プロ野球選手になるための育成の問題点

少年時代に肩やひじを痛めるケースが多い

小学生や中学生の時に、チームで最も活躍したり、目立った選手が、その後、プロ野球選手になるとは限りません。

むしろ、プロ野球選手に聞いてみると、「小学生の時、僕よりうまい選手が同じチームにもいました」とか、「中学生の時、僕よりバッティングのいい選手と何人も対戦しました」などという人が少なくありません。

また、小学生や中学生の時、チームの指導者や周りの大人たちに、「将来、プロ野球選手になるだろう」と期待された選手には、結局、プロ野球選手になれなかったという人も多いです。

その後、野球をやめってしまったり、他のスポーツに興味をもったというケースもありますが、よく見聞きするのは、肩やひじを痛めたというものです。

何球投げれば肩やひじが痛くなるという目安はない

小さいころから野球の上手な子は、ピッチャーになることが多いです。ピッチャーは、他の選手に比べて、どうしても投げるボールの数が多くなります。

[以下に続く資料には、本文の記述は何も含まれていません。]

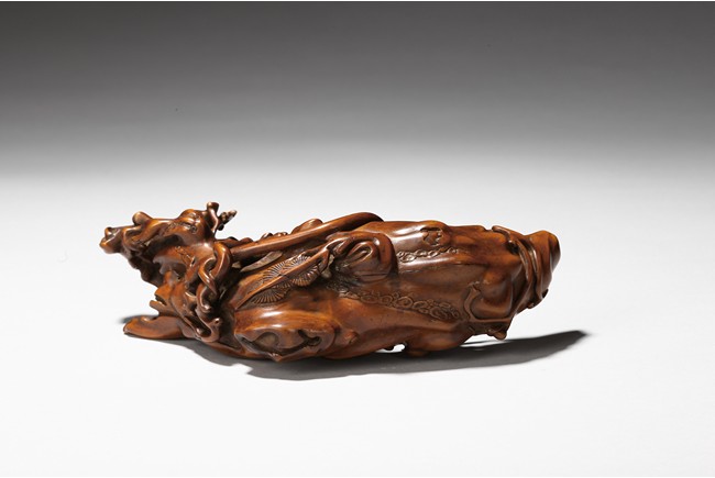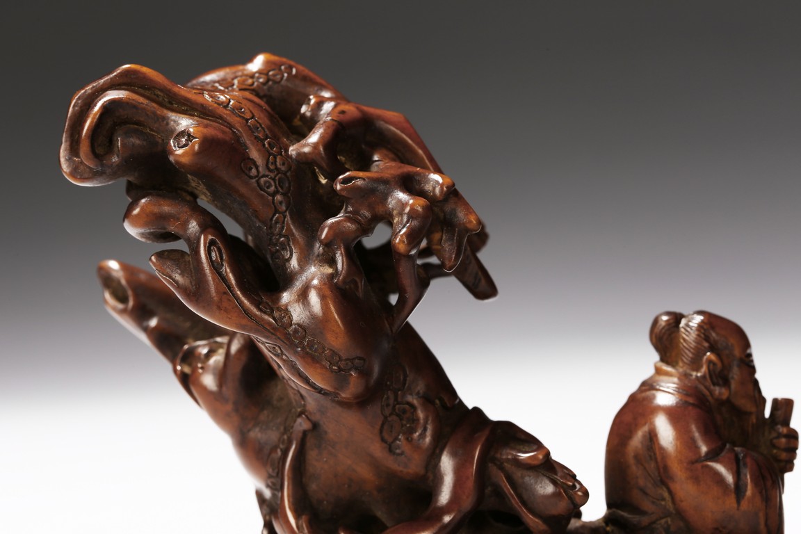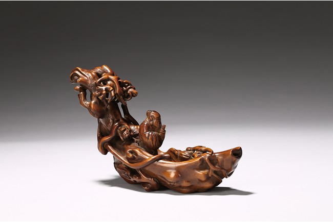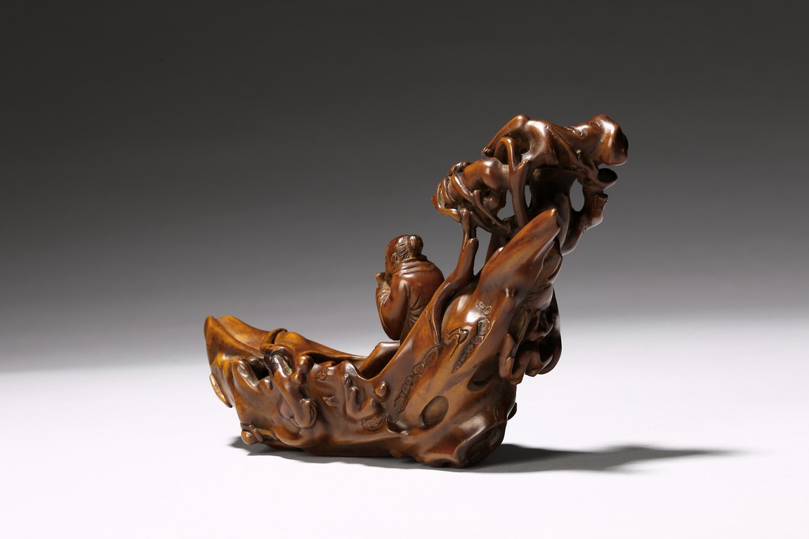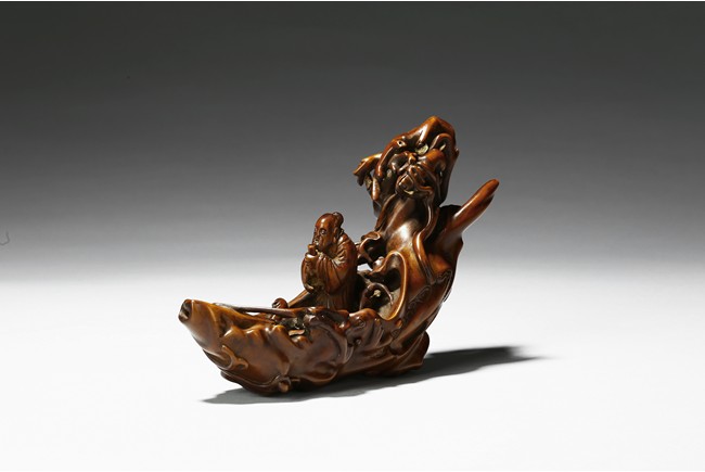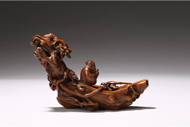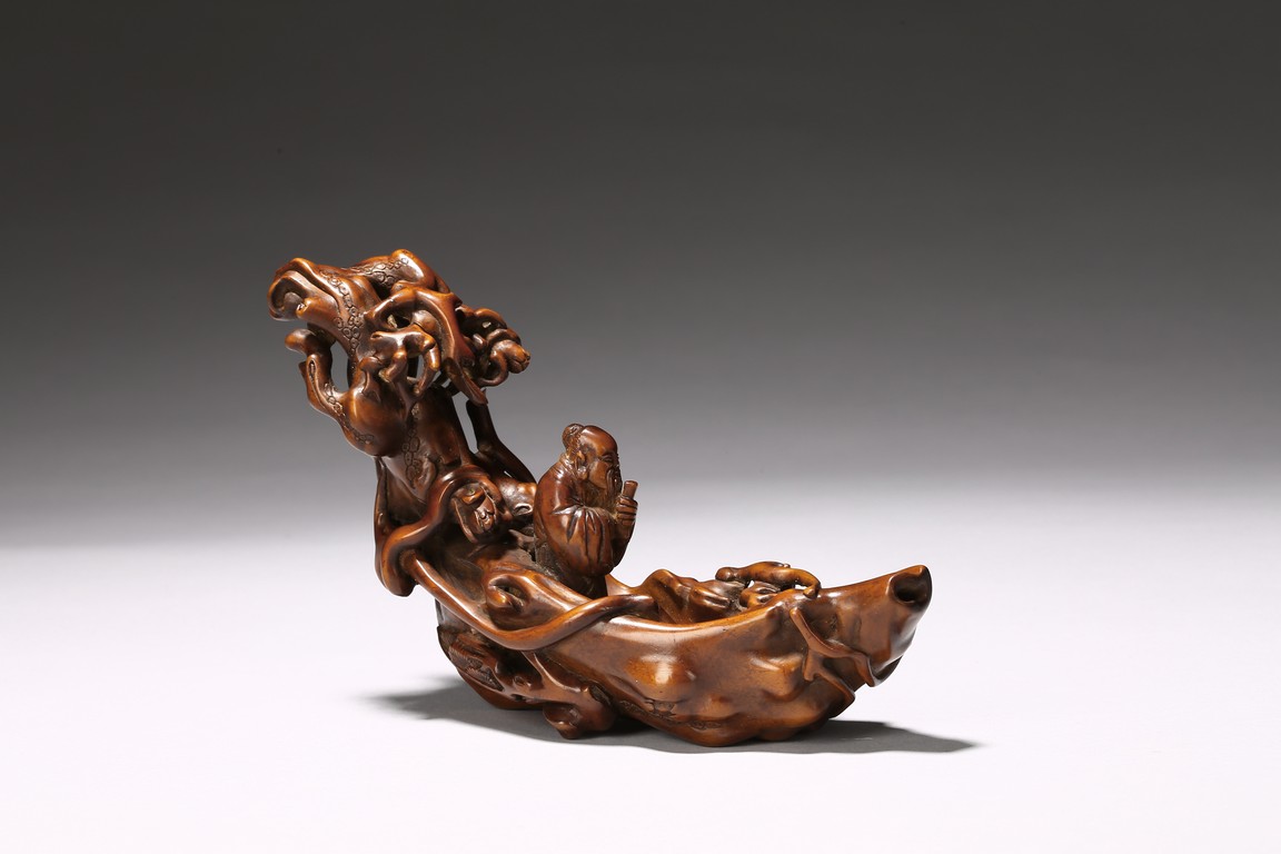 Finely carved to show an elderly figure standing in a crescent formed boat, elaborately adorned with intertwining pine branches. Qing Dynasty period.

投げるボールの数が増えると、肩やひじへの負担が大きくなります。やがて負担の限界を越えて痛みが出たり、思うように投げられなくなることが多いのです。

野球の障害で多いのは、肩やひじに痛みが出る症状です。「野球肩」や「野球ひじ」と呼ばれます。しかし、何球投げれば、肩やひじが痛くなるかという目安はありません。

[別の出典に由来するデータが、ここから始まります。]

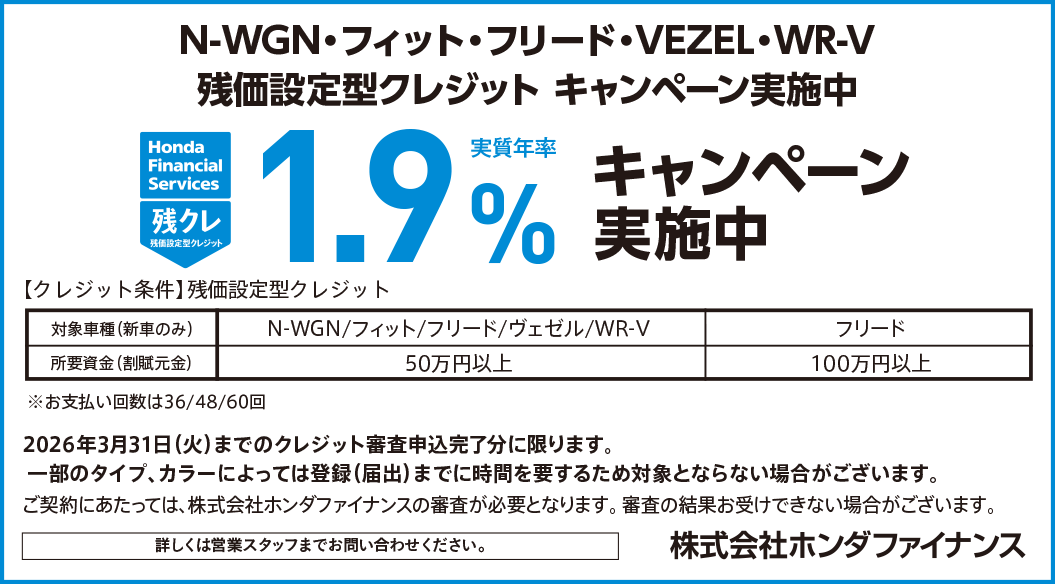 【残クレお支払い例について】 ●上記お支払い例は2026年2月の一例です。 ●上記お支払い例は、初回お支払い月を2026年2月で計算した一例です。 ☆Honda残価設定型クレジットは最終回に、①新車に乗り換え、②乗り続ける(最終回お支払い額を一括または再クレジットでお支払い)、③車両を返却 のいずれかをお選びいただけます。①、③の場合、内外装キズや走行距離などの確認事項があります。事前に定めた条件を超える場合には、その差額分を別途ご負担いただきます。詳しくは営業スタッフまでお問合せください。
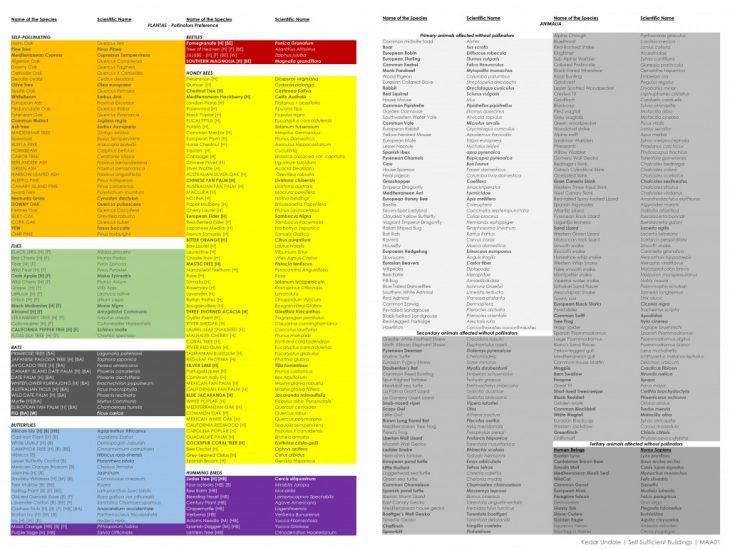 The list was recategorized depending upon which pollinator will pollinate which species of trees/plants. The Animalia class was categorized depending on which species will be affected first, second and third in the absence of pollination.
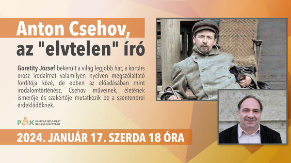 Goretity József bekerült a világ legjobb hat, a kortárs orosz irodalmat valamilyen nyelven megszólaltató fordítója közé, de ebben az előadásában mint irodalomtörténész, Csehov műveinek, életének ismerője és szakértője mutatkozik be a szentendrei érdeklődőknek.
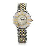 Unisex Large Cartier le Must 21 in stainless steel and gold vermeil plating. Integrated stainless steel and vermeil gold plated bracelet. Large bracelet to fit man or woman. 31mm x 5.6mm . Ultraslim. Date. Quartz movement. Circa 2000's.

投げたボールの数はもちろんですが、その選手の投げ方、試合や練習後のケアのし方、さらには肩やひじの筋肉や腱の強さなどで違ってきます。

肩やひじのケアをしっかりする

肩やひじの故障を防ぐには、子どものころから予防をしっかりすることが重要です。

とくにピッチングをした後は、必ずアイシングをします。氷を袋に入れ、タオルなどでくるんで肩やひじに当てます。投球終了後、10〜20分は冷やします。

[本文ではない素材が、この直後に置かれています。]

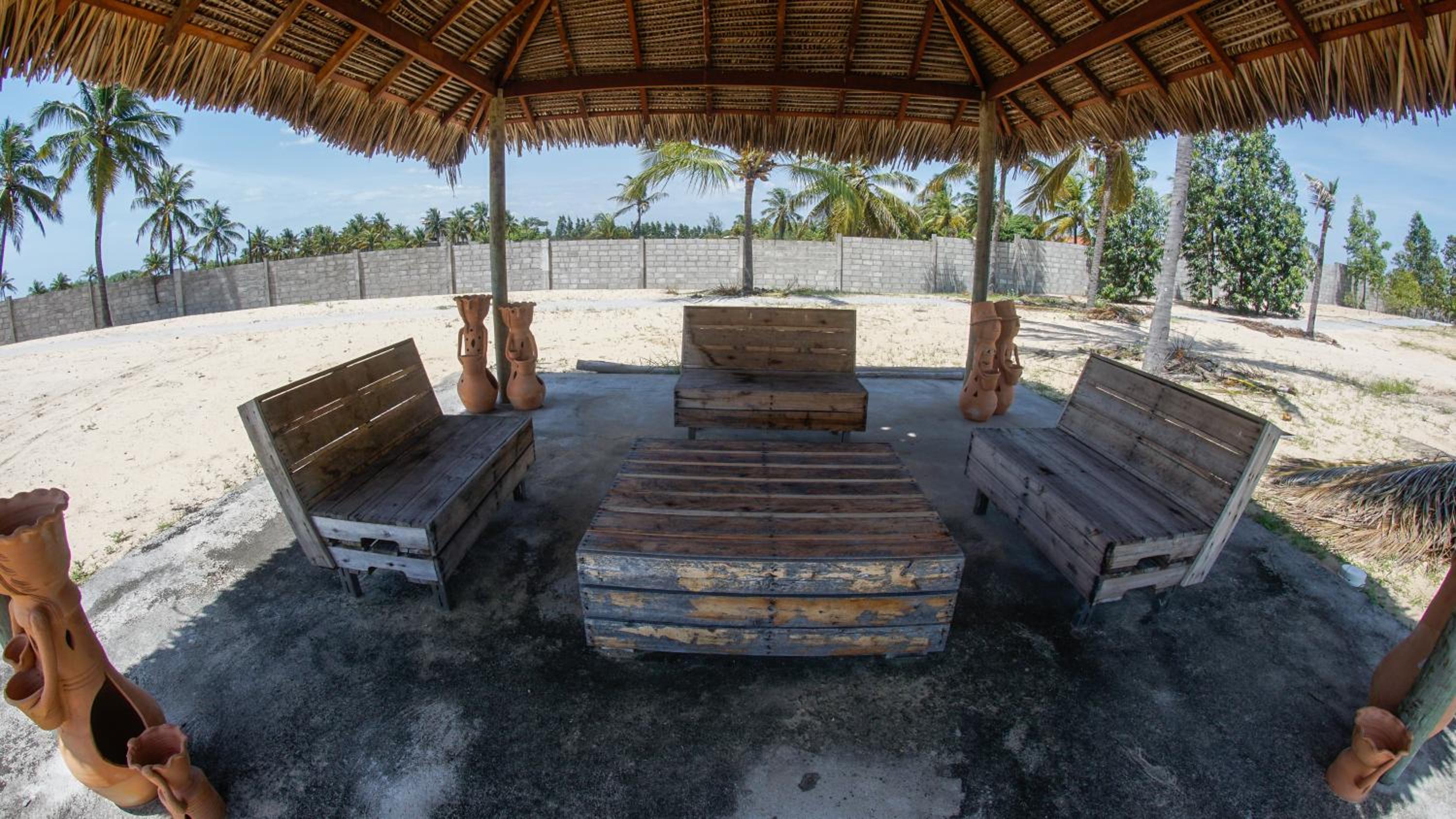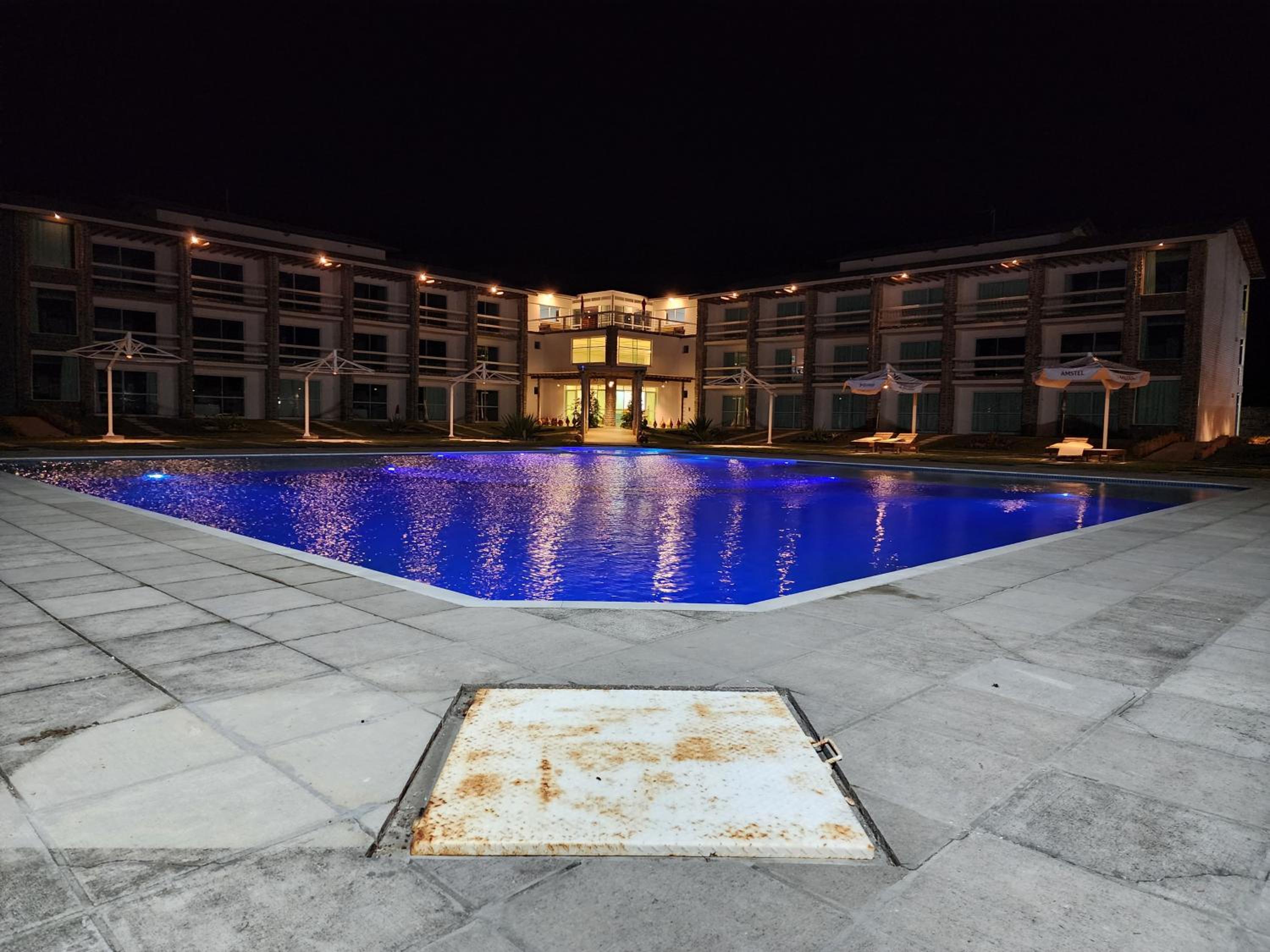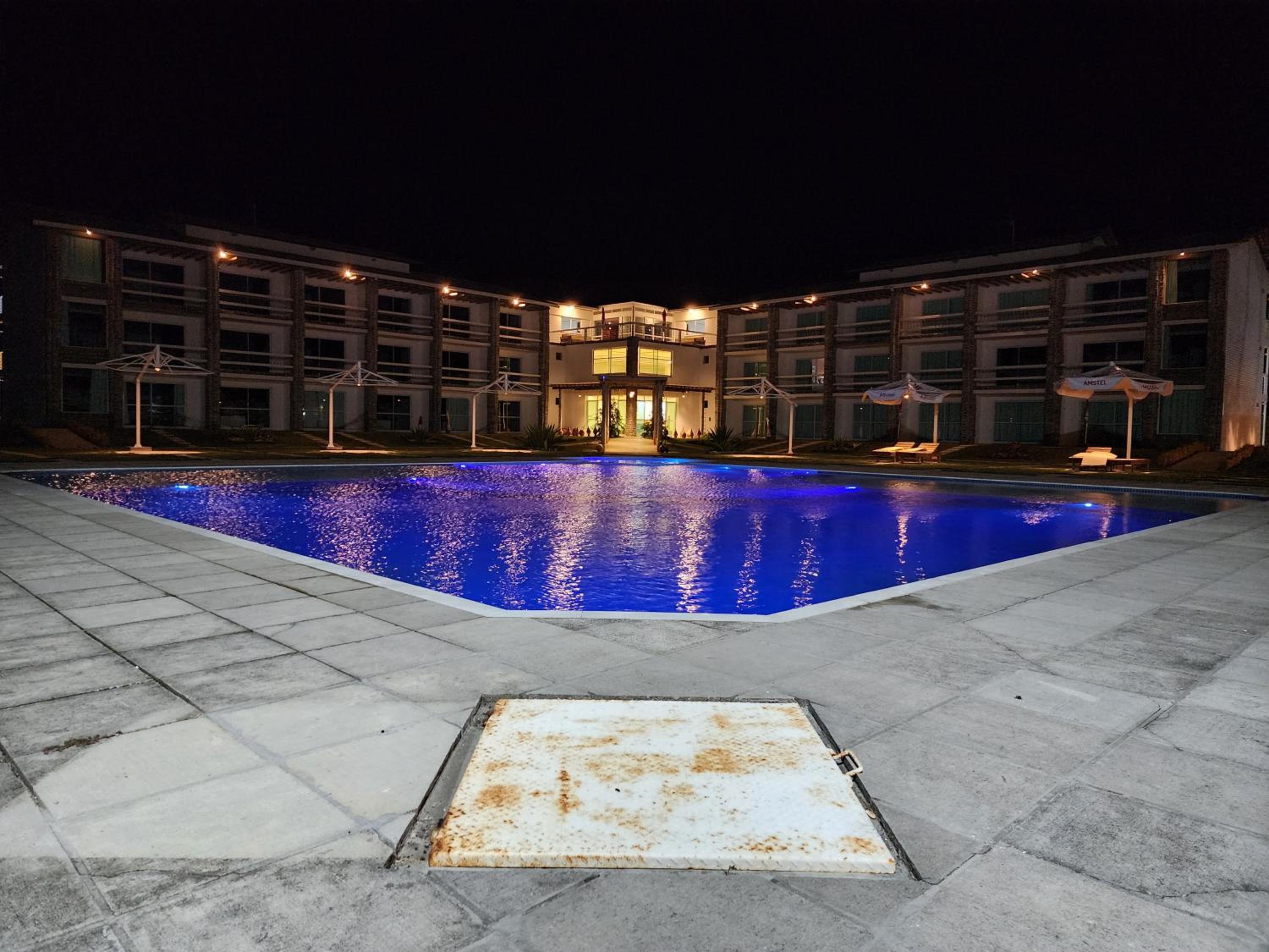 A área externa, com exceção da piscina, está abandonada.

自分の肩やひじを触ってみて、硬くなった筋肉や筋があれば、腕や肩を回したり、振ったり、ストレッチングをしてほぐしておきます。硬くなった筋肉や筋を放っておくと、やがて痛みが出ることが多いようです。

肩やひじに痛みや違和感があれば診察を受ける

肩やひじに痛みや違和感があれば、すぐに医者や専門家の診察を受けます。専門家に「休みなさい」と言われれば、キャッチボールも含めて投げることを休みます。

試合があったり、レギュラー争いなどをしていると、どうしても無理をしがちですが、無理をして痛くなったら、野球人生までおかしくなることがありますので、慎重に対応することが大切です。